Inside Notre Dame was incredible, Not a place for quiet contemplation by any means, as the sheer number of sight-seeing going on puts paid to that, but a place where you can truly be in awe about the commitment to make a building like this hundreds of years ago. It was an inspiring and intimidating place.
But then all to soon, it was time to leave. We were back at gare du nord, and checking in to Eurostar. But there was one last birthday treat – upon finding out it was my 30th birthday the impeccably stylish Frechman at the check-in upgraded me to 1st Class! Almost made me leaving my 20s behind worth it. So we sped back to the UK fuelled by more cheese and wine, and looked back at Paris as perhaps the perfect weekend city break, especially for those based in the UK. Friendlier than you’re led to believe, easily walkable, and full of incredible sights and experiences around every corner, it’s a place I’m already looking forward to returning to. I’m making a list of places I didn’t get to see – and I think that says it all.
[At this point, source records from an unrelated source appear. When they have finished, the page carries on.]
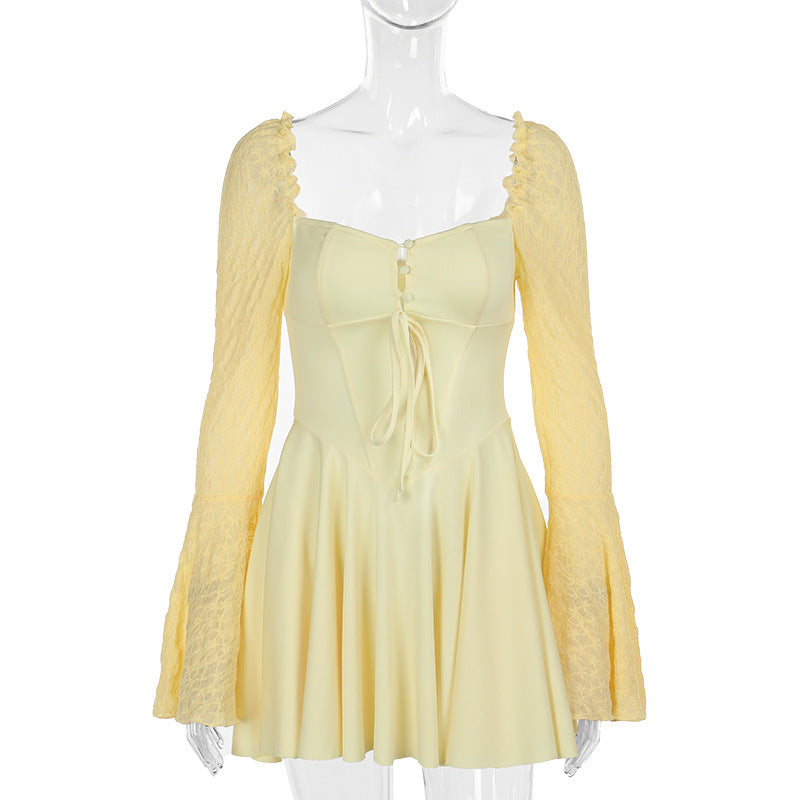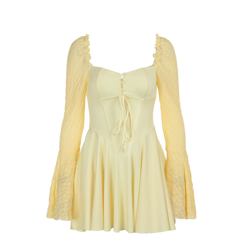 Plataz Autumn 2025 New Temperament Sexy Bag Ass Dress Famous Vintage Square Lace Long-Sleeved Dress DJPT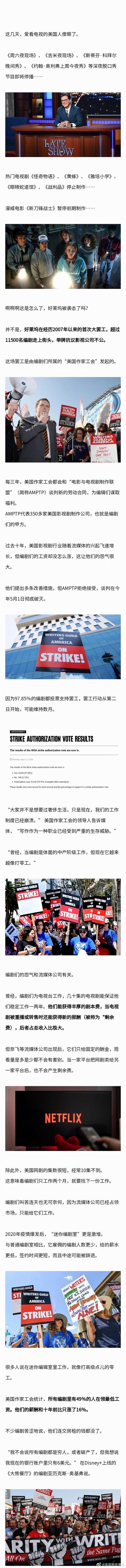 @英国那些事儿: 美国编剧大罢工!为了抗议薪资不公和限制 AI,超过 11000 名编剧罢工,给好莱坞按下暂停键…… 大量脱口秀、电视剧、网剧受到影响,已经停播……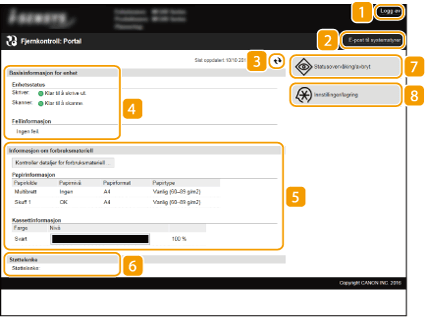 Viser gjeldende status for maskinen og feilinformasjon. Hvis det har oppstått en feil, vises en kobling til en side med feilinformasjon.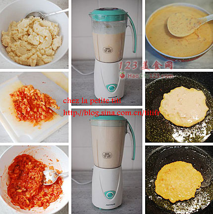 3、泡菜饼有两种煎法,一是煎小圆饼的形状,这个比较好控制,翻面的时候也不容易翻烂;二是像韩国传统的泡菜煎饼那样,煎一个大圆饼,这种煎法难度稍高,特别是翻面饼时容易翻烂,不熟手的人可以借用另一个空的平底锅作为工具,两个锅倒来倒去,比拿铲子翻容易得多。
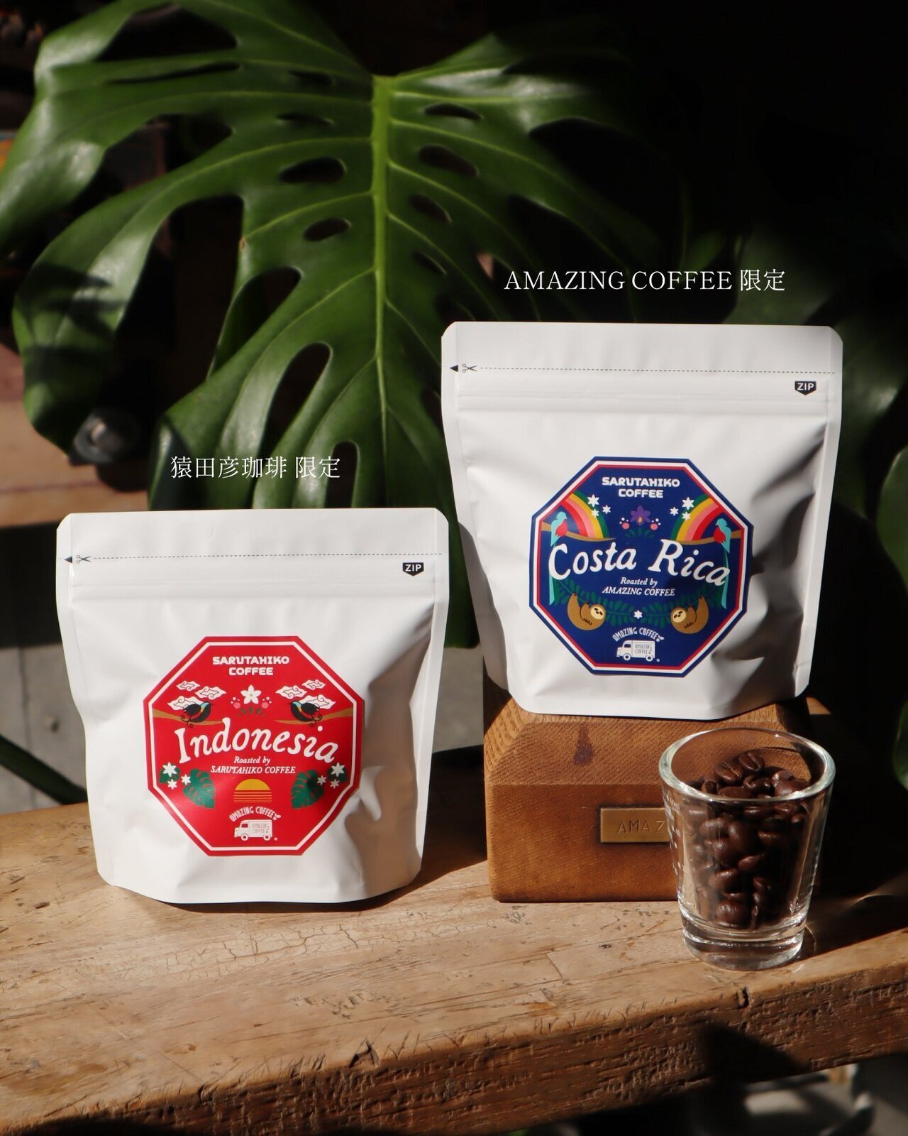 AMAZING COFFEEと猿田彦珈琲を繋ぐ、思い⼊れのある2つの産地「インドネシア」と「コスタリカ」のシングルオリジンをご用意しました。

Bee Says: Paris really did have it all; and we are already itching to go back. The main take-away I had was how friendly the city is. I am really perturbed by the reputation the locals have; because as far as I can see it is completely incorrect. It was like any capital city in a foreign place in that you get out of it what you put in. We made effort to speak the language and smile a lot; and everyone we met made an effort to communicate back and welcome us. One final Parisian note… eagle eyed blog readers might spot that yes, I was that girl that spent 3 days in Paris and wore a different striped top every day and didn’t even realise until I was coming home. I clearly own WAY too many stripes! Paris, we loved you, thank you for giving Nick the best 30th possible and maybe, kinda, beating Machu Picchu!